◆ YOUR TASK: Among the entries below, only the lines from the one with "7. Arrange Pepperoni: Place" through the one with "等(如下图 2 所示)。" are wanted, reproduced exactly. Pictures are not wanted.

[[ DATA FOR REVIEW open ]]

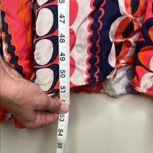 This elegant dress by Vilagallo features a vibrant orange and blue palette, perfect for a wedding guest occasion. The long bishop sleeves and crew neck add a touch of sophistication. Ideal for making a stylish impression at any event.
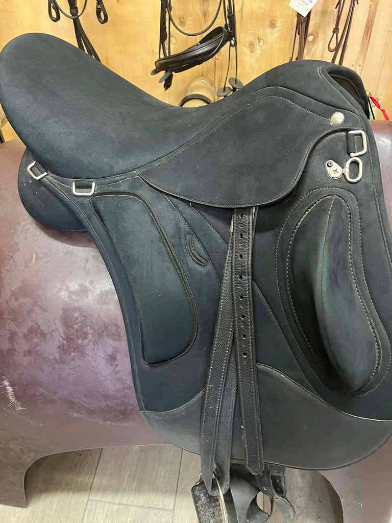 Fully mounted, includes mounts, leathers, irons, black cages, collegiate contoured 2 point girth, changeable gullet system - inc blue gullet, wintec cover for saddle.
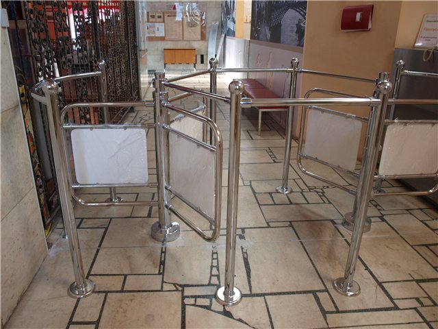 Таким образом с недавнего времени оборудован вход в Библиотеку Иностранной литературы. Для людей на инвалидных колясках вход невозможен - конструкция неразборная, а объехать её также не получится. Дамы-сотрудницы библиотеки извинялись передо мной - не их вина, установить эти контрэскарпы велело министерство культуры.
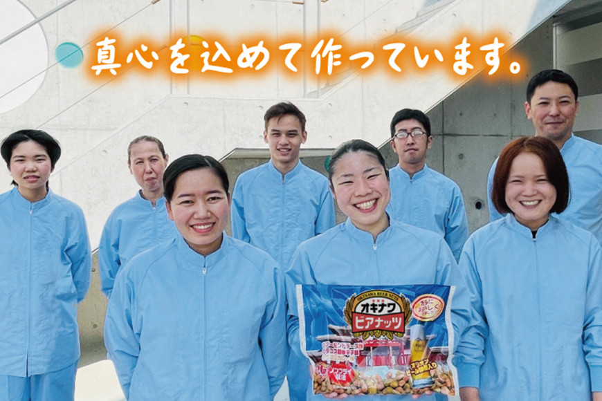 ビール製造時に出る副産物「ビール酵母」を沖縄そばに練り込めないかとのお声かけから生まれた商品。麺に練り込むと特有の香りと苦みがあり、開発は困難を極めましたが当時のサン食品の企画開発室では悩んだ末に、ビール酵母を混ぜた衣を落花生にコーティングした豆菓子(おつまみ)の開発へと方向転換。1999年「オリオンビアナッツ」の発売にこぎ着けました。発売当初は鳴かず飛ばずの商品だったが、2010年に今の味付け、小袋5連タイプ包装に変更してから火が付き、今では沖縄を代表するお土産の1つに成長しています。
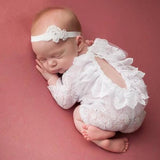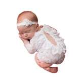 (1) Newborn romper designed for photography purposes to fit snugly on average size newborn without diaper to show off baby's form. Lace details in the back , handmade with white beautiful soft fabric
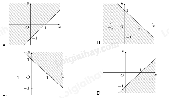 Trong các điểm ở trên, chỉ có điểm \(\left( {0; - 4} \right)\) thuộc miền bị gạch chéo. Do đó, điểm \(\left( {0; - 4} \right)\) không nằm trong miền nghiệm của bất phương trình.
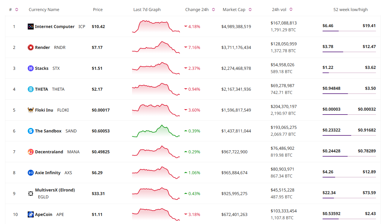 This drop is followed by the category’s number one coin, Internet Computer (ICP). It decreased by 4.2%, changing hands at $10.42.
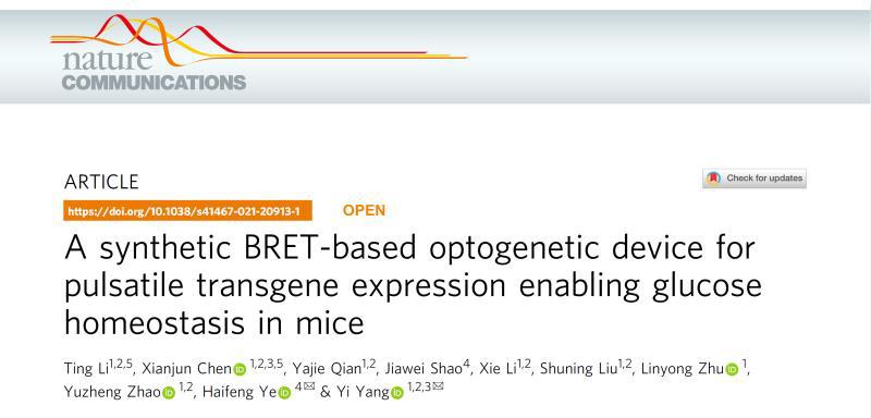 近日,36365官网生物反应器工程国家重点实验室和光遗传学与合成生物学交叉学科研究中心杨弋教授团队在国际权威学术期刊Nature Communications发表题为“A synthetic BRET-based optogenetic device for pulsatile transgene expression enabling glucose homeostasis in mice”的研究论文,报道一种新型基因表达调控技术,可脉冲式激活哺乳动物细胞和小鼠体内的基因表达。
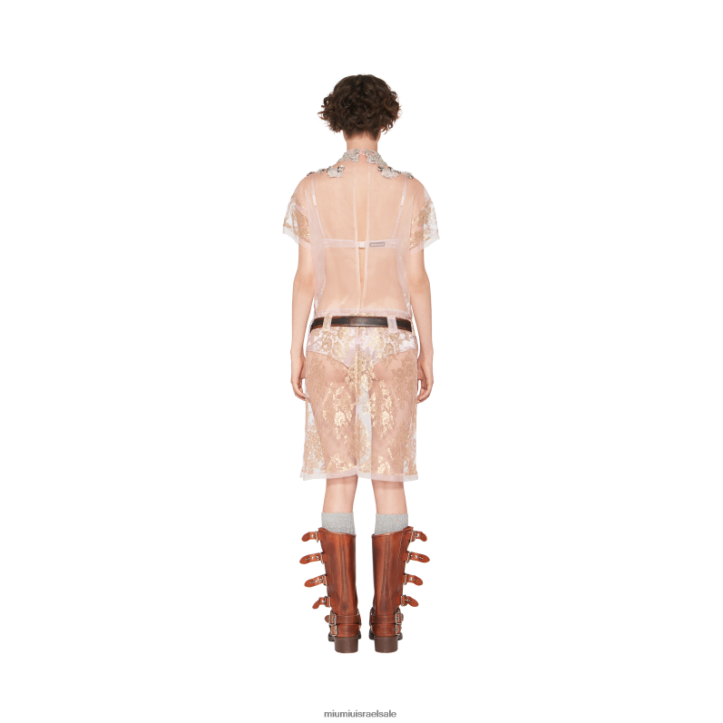צללית בלתי מורגשת עם פיתוי רטרו אך אולטרה-מודרני: miu miu שוקלת מחדש את הפרופורציות על ידי הגדרת קונספט חדש של נשיות. רקמה מתוחכמת בצווארון ותוספות שקופות מגדירים את שמלת התחרה הזו.
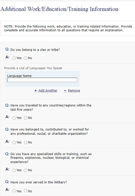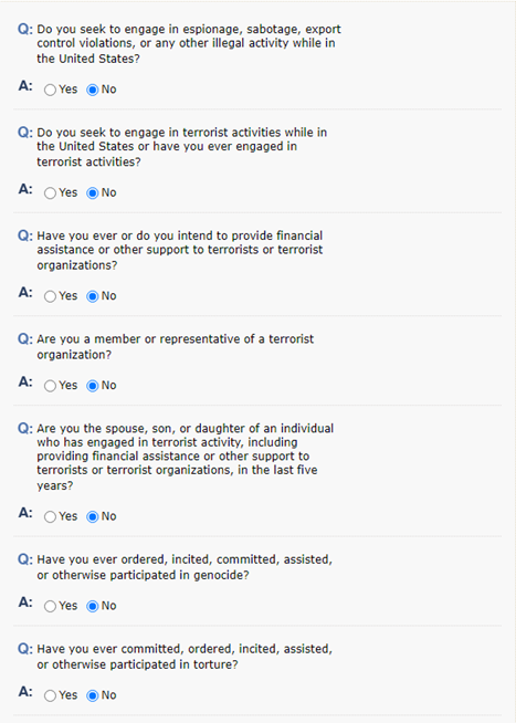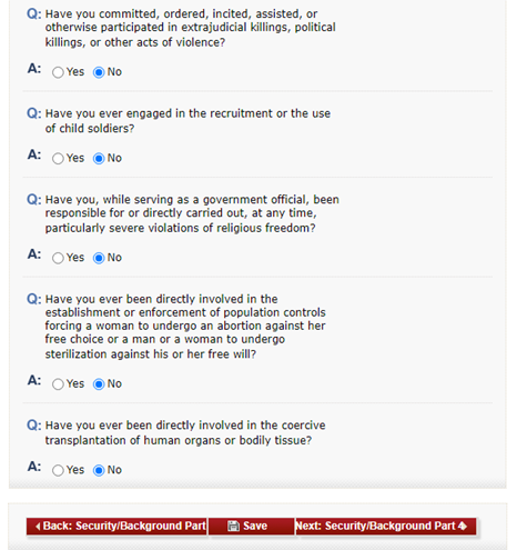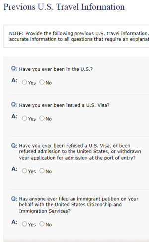 是否曾经被拒签或被美国海关或边检拒绝入境,撤销入境申请。选是的话需要解释。目前办的人里面没有这里选是的。
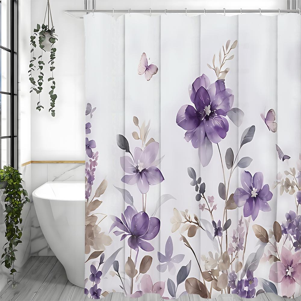 Фиолетовая мятая шторка для душа, абстрактная акварельная цветочная ботаническая бабочка, деревенский фермерский дом, декоративная шторка для душа для ванной
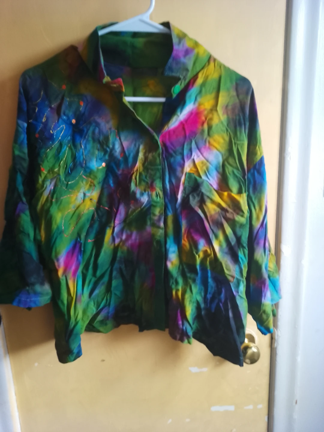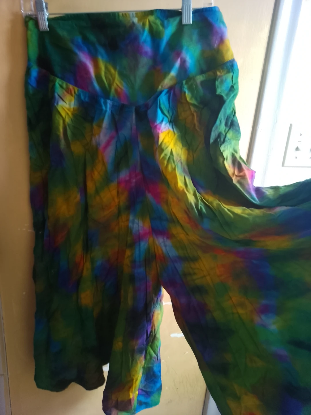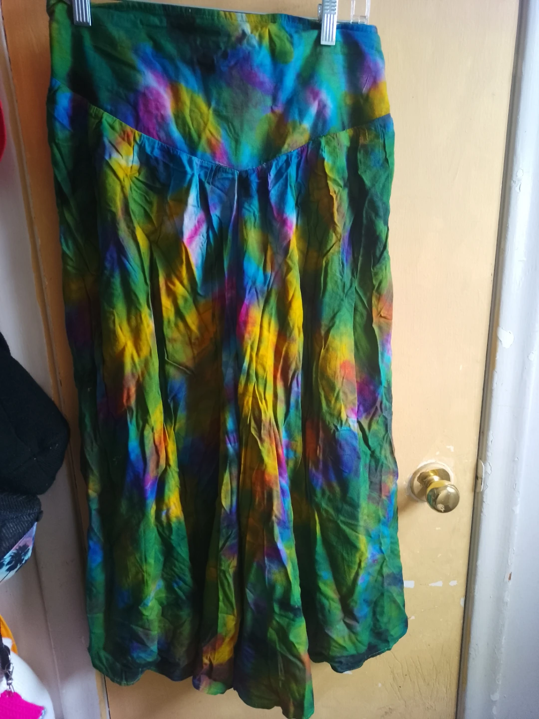 Selling a vibrant tie dye skirt and matching shirt set! The colours are really eye-catching with a mix of greens, yellows, blues and pinks. It's in great condition and ready for a new owner
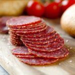 7. Arrange Pepperoni: Place the sliced pepperoni evenly across the cheese. For crispier pepperoni, slightly overlap the slices.
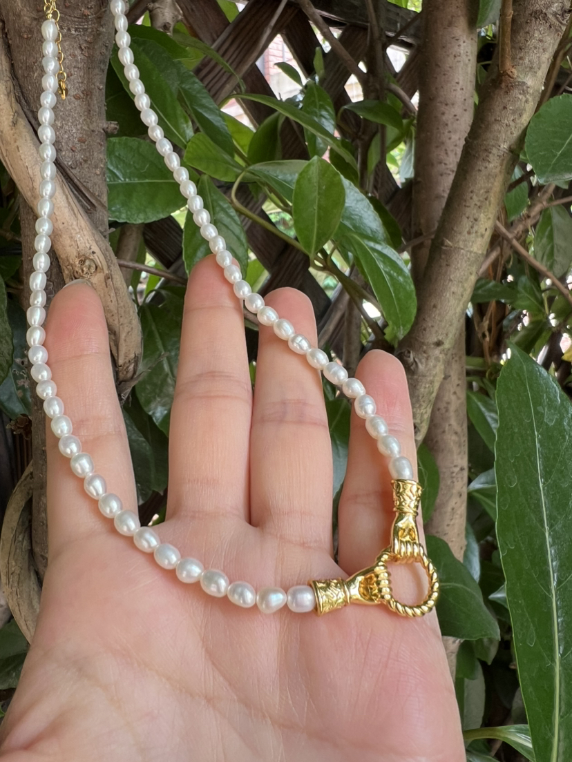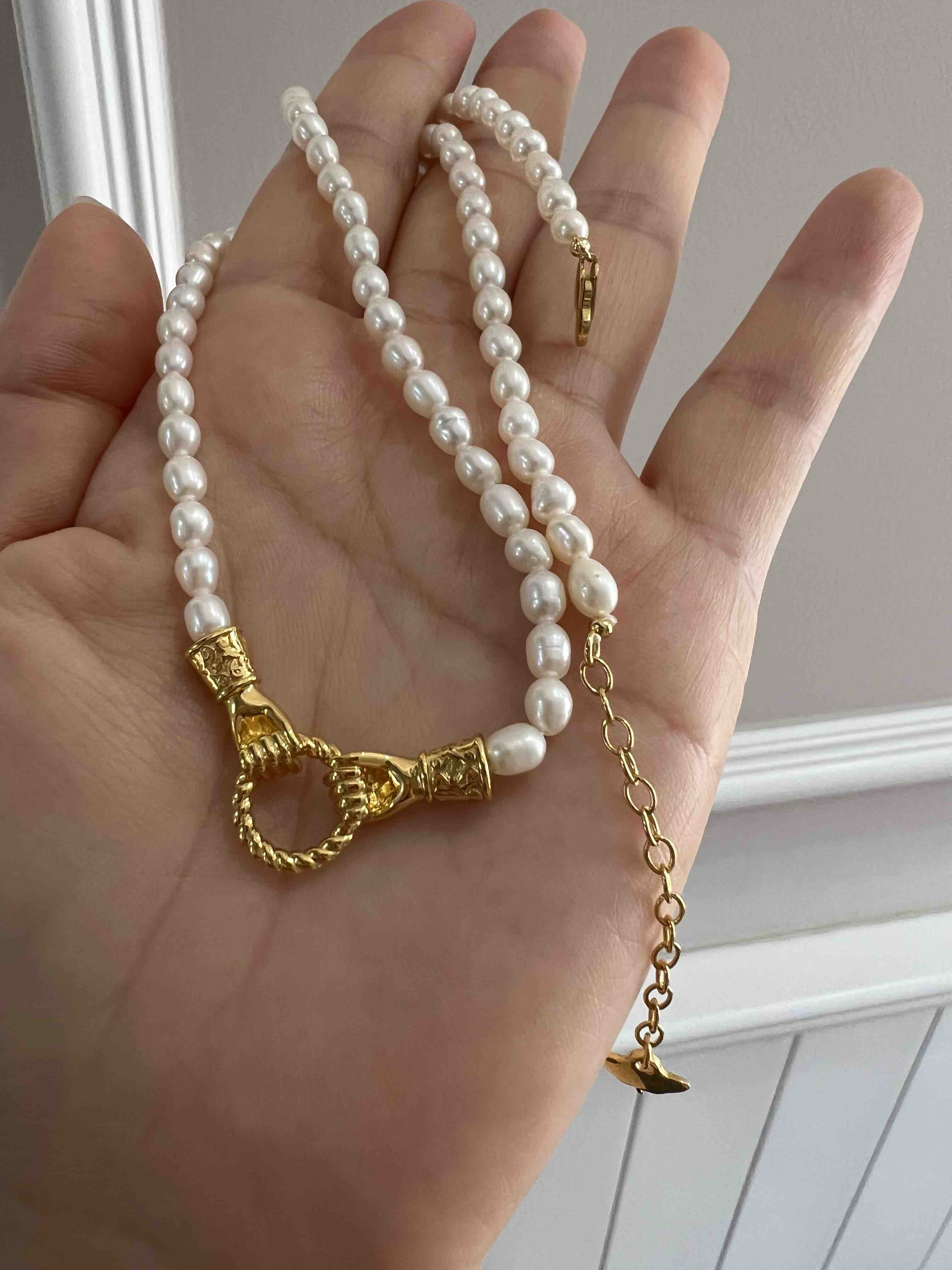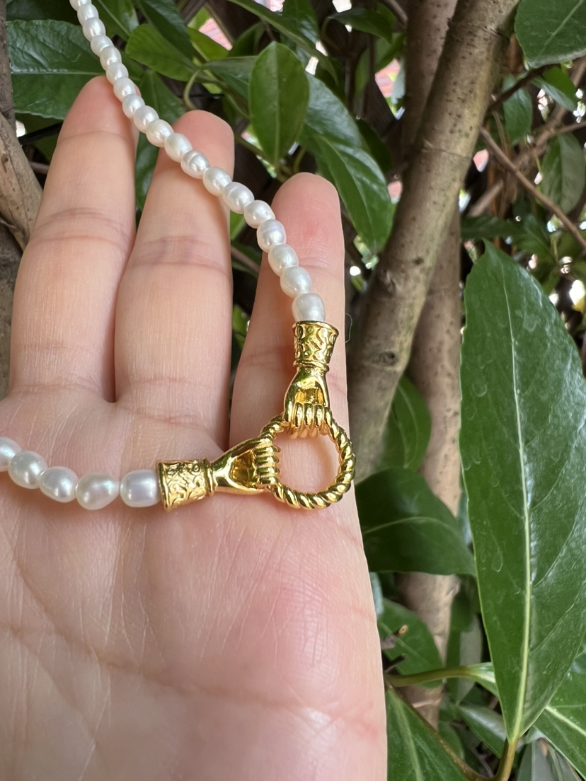 Mis英国小众 执子之手 天然小米珠 设计感珍珠项链。这个双手牵手的五金双环自己看,一定要仔细看,就是男女的手,牵上一个环,mis的设计感一直都是在线的,执子之手与子偕老,这个不重要,项链咱们自己买,不过这个设计确实点睛之笔。天然小米珠起码夏天的体感式很温润舒适的,一毛一样925银镀金材质,性价比max
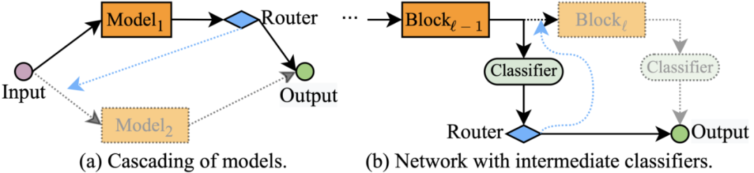 。顾名思义,「早退」机制的核心思想是:在模型中间层设置出口,并根据每个样本在这些中间出口处的输出,自适应地决定该样本是否「早退」。不同的工作设计了不同的网络结构来实现这样的「早退」,包括将多个模型串联 [34]、在单个 backbone 中间层添加分类器[35] 等(如下图 2 所示)。
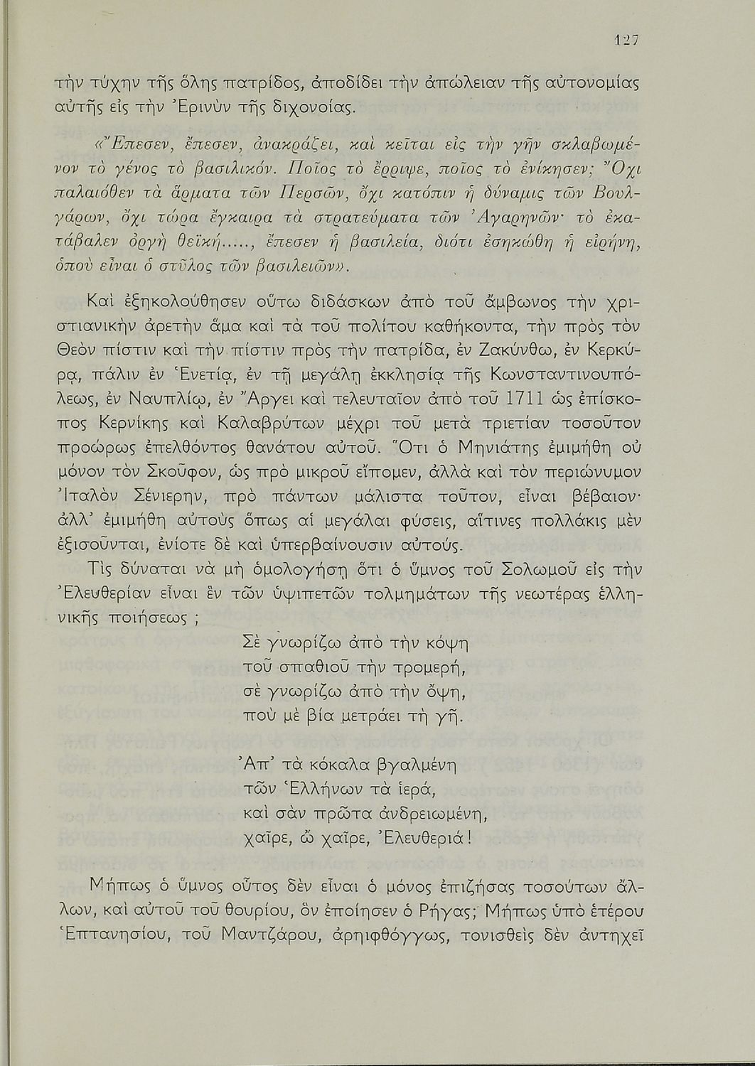 Σχολικό εγχειρίδιο Νέων Ελληνικών Ε΄ Γυμνασίου που περιέχει πεζά και ποιήματα συγγραφέων της βυζαντινής και μεταβυζαντινής περιόδου πατριωτικού και θρησκευτικού περιεχομένου. Περιλαμβάνει και πεζά και ποιήματα
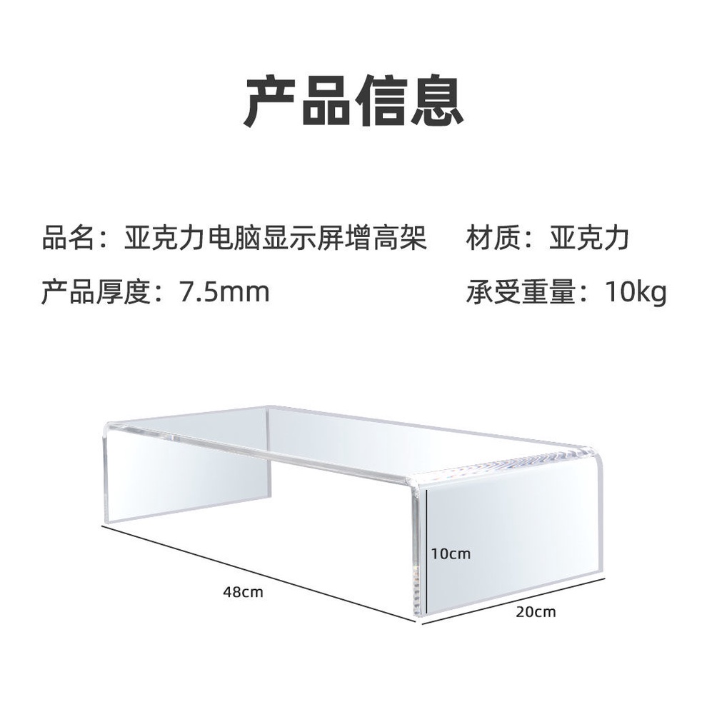 Acrylic Monitor Stand Laptop Stand Acrylic Bed Tray Small Computer Desk Office Accessories U-shaped Storage Rack

[[ DATA FOR REVIEW closed ]]

◆ ANSWER TO THIS EXERCISE:
 7. Arrange Pepperoni: Place the sliced pepperoni evenly across the cheese. For crispier pepperoni, slightly overlap the slices.
 Mis英国小众 执子之手 天然小米珠 设计感珍珠项链。这个双手牵手的五金双环自己看,一定要仔细看,就是男女的手,牵上一个环,mis的设计感一直都是在线的,执子之手与子偕老,这个不重要,项链咱们自己买,不过这个设计确实点睛之笔。天然小米珠起码夏天的体感式很温润舒适的,一毛一样925银镀金材质,性价比max
 。顾名思义,「早退」机制的核心思想是:在模型中间层设置出口,并根据每个样本在这些中间出口处的输出,自适应地决定该样本是否「早退」。不同的工作设计了不同的网络结构来实现这样的「早退」,包括将多个模型串联 [34]、在单个 backbone 中间层添加分类器[35] 等(如下图 2 所示)。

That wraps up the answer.